Majority believe the Tories broke a manifesto promise – but they’re still 19 points ahead

Concerns about the economy won't stop people voting Conservative

 

Despite the media backlash against Philip Hammond’s budget, new polling puts the Conservatives 19 points ahed of Labour — their biggest in-government lead in 30 years.

The YouGov/Times poll shows that 55 per cent of people agree that Hammond broke a Conservative manifesto promise by increasing National Insurance contributions (NICs) for the self-employed.

Moreover, 38 per cent believe that the budget was unfair and 45 per cent believe that the country’s economic situation will deteriorate over the next year, compared to just 16 per cent who believe it will get better.

Unfortunately, that doesn’t seem to be enough to shift their votes. 44 per cent of respondents said they would vote Conservative were an election held tomorrow, compared with just 25 per cent who backed Labour.

While some of the research was conducted on Wednesday, before the worse of the budget backlash hit, the results suggest that this budget will have little impact on the Conservatives’ popularity.

This raises serious questions for Labour, since controversial budget measures present a point-scoring opportunity for the opposition. Last year, in the chaotic aftermath of George Osborne’s final budget, Labour hit 33 per cent, one point ahead of the Conservatives.

See: Poor families’ incomes are about to get slammed – but it’s nothing to do with NICs

See: As wages stagnate and working people suffer, Philip Hammond offers dogma instead of hope

6 Responses to “Majority believe the Tories broke a manifesto promise – but they’re still 19 points ahead”

  1. NHSGP

    After the damage done by Emily Thornbury, Labour needs to get back on side with its potential voters.

    The NI fiasco, is one way of doing that.

    Labour needs to target the Tories over manifesto lies and make the association with Lib Dems and tuition fees.

  2. Michael WALKER

    The Labour Party choses a man as Leader whose background is chequred – to be kind – and who is not competent.

    And then wonders why it is 19 percentage points behind.

    I wonder why it is “only” 19 percentage points behind.

    The trend is inexorably in one direction. The more they see the less voters like.

    Meanwhile Corbyn supporters are like the three wise monkeys …

  3. ted francis

    Don’t usually agree with young Mike Walker but….. The 19 points does not mean a Tory love-fest is going on: the 19 reflects that there is not an alternative, coherent economics policy available for comparison, nor is there the prospect of an effective opposition this parliament.
    Oh where is the opposition leader who combines the wisdom of a Roy Jenkins, the passion of a Neil Kinnock, the political nous of a Tony Blair and the deviousness of a Harold Wilson?
    It’s a long time since a government offered the Opposition so many open goals and all the centre forward does is sky the ball or doesn’t bother to shoot.

  4. richard 1979

    The main reason is that the Tories broke a promise but that broken promise is rationally understood by many in the electorate. If ‘self employed’ people are entitled to more benefits, which they are thanks to recent policies, then they should pay more NI – regardless of previous manifesto pledges.

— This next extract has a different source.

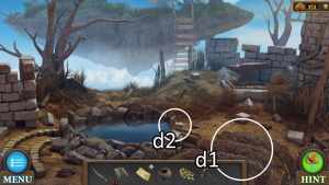 - d7. Use your axe on the partially-chewed tree trunk. This gives you a path to cross the water.

    This rightist media-generated outrage is a smokescreen for yet another Tory attack on the disabled and to take the attention away from other rightist policies.

  5. David Barlow

    There is nothing new in politicians breaking manifesto commitments or promises. Ted Francis, as he no doubt knows, is whistling for the moon, in the leader he says is needed. Jeremy Corbyn was thrown up on a tide of moon whistlers, not once, but twice; no doubt holding on to nurse, for fear of something worse. Corbyn is the prisoner of his own “success”. The Labour Party and its organisation is now in the control of a new brand of political hopefuls, but not something that the electorate seem to view as relevant to it. The “working class” of 2017 does not fit the definition as existed in 1917, or even in 1977, and definitely not as exists in the minds of Corbyn’s inner circle. The new great experiment is doomed to failure, as it exists only in their theory of what they wish for. The political and economic landscape has changed beyond recognition. In the face of Copeland and 19% slippage post budget, those now “In charge” of the Labour Party are residents of something similar to what was once described as the Grand Hotel Abyss.

  6. Brian

    Or to put it another way, 75% of the country doesn’t want a Labour Goverment.

    Think about that. The supposed people’s party, the champion of working people, the defender of the ordinary person in the street. Unwanted by 75%.

    This website may as well close down.